Amy blinked up at me. "You. Yeah, of course I remember you. Thanks so much for reminding me of one of my few failures."

"Oh, uh…"

"Listen, if you want me to try again, you have to put your name on the list." Amy tapped a laminated sign on the table in front of her. "You can't just walk up to me randomly in public to get me to heal your nose, which I can't do anyway."

"Oh, uh" I said while Glory Girl, Amy's sister, leaned over and whispered something into Amy's ear. I saw Amy roll her eyes. The sister - I knew from my online stalking researching of Amy that her sister was named Victoria - gave me an oddly happy smile as she withdrew.

"Okay, right, sure. Sorry if that was rude. Is there something else you wanted?"

"No, nothing else" I said, then caught myself. "I mean, that wasn't what I wanted at all. So I can't want something else beside it since I didn't want it in the first place."

I had been hoping for a less awkward conversation, but it was too late to quit now, so I pressed on.

"So, Amy - can I call you Amy?"

"I'm in my uniform right now, so no. You can call me Panacea."

"Oh, uh. Panacea." I swallowed. "Would you like to, um, go out for coffee sometime? Or tea? I mean, with me?"

Panacea looked taken aback. "What for?"

"Well, I mean, I'd just like to talk to you. Get to know you."

"So you've got a sick relative you'd like me to look at? An aunt with cancer or something?"

"No, no. I don't even like Aunt Mildred," I joked. "But, you did kind of save my life, and I'd like--"

"I save a lot of people's lives, okay?" she interrupted. "Did it occur to you that if I went out for coffee with them all I'd have no time left to have a life? Not that I do anyway, but did you even think about it?"

"Oh, um. I didn't. I'm sorry."

Her sister once again leaned over from her seat and whispered something into Amy's ear. Amy sighed wearily, and then looked at me with an insultingly fake grin. "Never mind, I'm here to be nice because we at New Wave love our public. May I give you an autograph?"

A minute later I fast-walked out of Aldenboo, staring at the floor with Amy's rejection still stinging my ears. I will not cry. I will not cry. I will NOT!
 
Charlotte wasn't available for rehearsing because she'd promised her mother she'd help straighten a closet, an obligation Charlotte spoke of with the grimness of a soldier called to the front lines.
🫡
Straightening closets is an important skill for all non-cishet's who need to infiltrate the general society of brockton bay.
 
I was wearing black jeans and a black t-shirt, not skintight but tight enough to avoid bagginess. The jeans and shirt were just there as necessary background for my new vest.

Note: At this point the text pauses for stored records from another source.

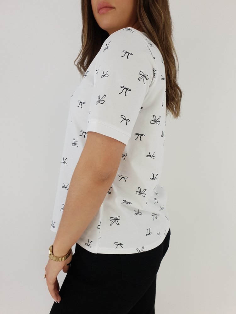 T-shirt damski w kokardki to idealny wybór na co dzień i nie tylko. Wykonany z bawełny z dodatkiem elastanu, zapewnia komfort i świetnie dopasowuje się do sylwetki. Delikatny wzór kokardek dodaje uroku, a włoska jakość wykonania gwarantuje trwałość. Model pasuje na rozmiary od 36 do 40 – must-have każdej kobiecej szafy!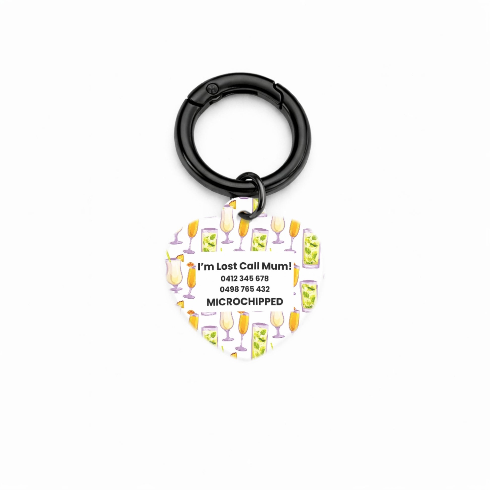 Shake things up with the Cocktail Pet ID Tag — a fun, colourful design inspired by sunny afternoons, clinking glasses, and good vibes only. Featuring playful cocktail illustrations and a bright, cheerful palette, this tag adds a splash of personality to your dog’s collar while staying practical for everyday wear. Lightweight, durable, and made to stand out, it’s perfect for pups who bring the party wherever they go.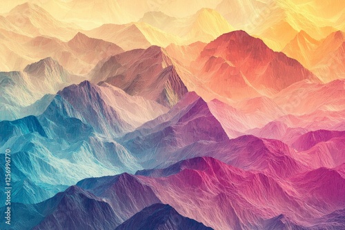 A seamless pattern of colorful mountains, layered and textured, reminiscent of an otherworldly landscape. The colors blend seamlessly from one mountain to another

The vest was a deep but saturated red - a color I could imagine royalty wearing. It was longer than most vests, hanging down past my hips with a red fringe at the bottom, and with a brocade pattern done in gold-colored thread. Best of all, the vest was light and long enough that if I jumped just right it billowed beautifully.
Taylor's aware that but for the gold she's wearing Empire colours, right?

Also, it's just so in character for Dean and Vicky to assume the crush is on Vicky (though, honestly, they could have assumed it was on him due to heteronormativity) and for Amy to assume that, when Taylor asked her on a date, she was angling for healing. Because everyone, especially Amy, sees that as the only value she has to offer.
 
Taylor's aware that but for the gold she's wearing Empire colours, right?

Yipes! Not only did Taylor not think of that, I didn't think of that. I chose the colors because red and black are a very common color scheme for costume designers to dress Cyrano in, including in the 1990 movie which is the version of Cyrano I imprinted on. :p

I'll have to think about what that means for this story. I might just lampshade and ignore it, though, or have someone warn her away from adding gold to her getups.

Thanks for the reminder - I feel a bit silly not having considered that aspect.